== Records excerpted from a collection ==

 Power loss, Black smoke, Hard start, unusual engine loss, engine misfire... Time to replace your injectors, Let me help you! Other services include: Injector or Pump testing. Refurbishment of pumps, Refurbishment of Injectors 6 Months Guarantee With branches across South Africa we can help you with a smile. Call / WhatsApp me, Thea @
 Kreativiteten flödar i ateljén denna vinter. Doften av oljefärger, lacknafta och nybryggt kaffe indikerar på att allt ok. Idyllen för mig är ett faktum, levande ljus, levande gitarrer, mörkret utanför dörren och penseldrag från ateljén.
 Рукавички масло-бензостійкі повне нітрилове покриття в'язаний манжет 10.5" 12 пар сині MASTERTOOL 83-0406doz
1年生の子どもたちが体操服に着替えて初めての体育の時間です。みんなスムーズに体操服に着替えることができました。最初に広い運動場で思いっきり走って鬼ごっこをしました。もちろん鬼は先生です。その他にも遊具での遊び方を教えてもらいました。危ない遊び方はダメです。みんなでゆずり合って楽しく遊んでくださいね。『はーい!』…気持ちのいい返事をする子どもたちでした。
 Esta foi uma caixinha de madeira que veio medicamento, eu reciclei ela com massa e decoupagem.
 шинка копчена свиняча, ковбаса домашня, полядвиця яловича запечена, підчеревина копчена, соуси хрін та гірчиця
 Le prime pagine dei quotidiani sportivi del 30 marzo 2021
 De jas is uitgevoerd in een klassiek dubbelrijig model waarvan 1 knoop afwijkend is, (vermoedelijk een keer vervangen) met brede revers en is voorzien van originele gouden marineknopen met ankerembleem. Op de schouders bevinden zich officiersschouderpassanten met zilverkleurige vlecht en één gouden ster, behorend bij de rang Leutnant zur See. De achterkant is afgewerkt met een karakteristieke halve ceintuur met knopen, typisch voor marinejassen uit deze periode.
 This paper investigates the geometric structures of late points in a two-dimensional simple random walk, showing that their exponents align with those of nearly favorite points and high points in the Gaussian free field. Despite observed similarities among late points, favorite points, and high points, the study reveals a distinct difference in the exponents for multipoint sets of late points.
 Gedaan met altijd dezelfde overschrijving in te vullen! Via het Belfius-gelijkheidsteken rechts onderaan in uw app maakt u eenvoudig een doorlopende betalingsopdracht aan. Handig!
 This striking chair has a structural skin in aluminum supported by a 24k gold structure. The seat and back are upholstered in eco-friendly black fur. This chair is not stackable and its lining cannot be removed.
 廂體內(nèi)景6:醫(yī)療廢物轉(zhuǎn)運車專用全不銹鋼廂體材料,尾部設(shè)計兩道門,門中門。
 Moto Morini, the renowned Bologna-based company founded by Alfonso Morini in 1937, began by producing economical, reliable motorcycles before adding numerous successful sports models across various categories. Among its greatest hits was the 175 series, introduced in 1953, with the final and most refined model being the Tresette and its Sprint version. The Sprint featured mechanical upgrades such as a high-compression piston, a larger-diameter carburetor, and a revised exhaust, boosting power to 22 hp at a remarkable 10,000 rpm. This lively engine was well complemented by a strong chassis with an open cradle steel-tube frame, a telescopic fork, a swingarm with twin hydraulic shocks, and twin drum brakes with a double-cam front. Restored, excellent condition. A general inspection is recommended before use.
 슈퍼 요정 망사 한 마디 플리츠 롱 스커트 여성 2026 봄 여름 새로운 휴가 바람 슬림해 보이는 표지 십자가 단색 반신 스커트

== PROBLEM TO SOLVE ==
Beginning at the first line of the records, retype exactly every line up to and including the one with "Рукавички масло-бензостійкі повне".

== TASK RESULT ==
 Power loss, Black smoke, Hard start, unusual engine loss, engine misfire... Time to replace your injectors, Let me help you! Other services include: Injector or Pump testing. Refurbishment of pumps, Refurbishment of Injectors 6 Months Guarantee With branches across South Africa we can help you with a smile. Call / WhatsApp me, Thea @
 Kreativiteten flödar i ateljén denna vinter. Doften av oljefärger, lacknafta och nybryggt kaffe indikerar på att allt ok. Idyllen för mig är ett faktum, levande ljus, levande gitarrer, mörkret utanför dörren och penseldrag från ateljén.
 Рукавички масло-бензостійкі повне нітрилове покриття в'язаний манжет 10.5" 12 пар сині MASTERTOOL 83-0406doz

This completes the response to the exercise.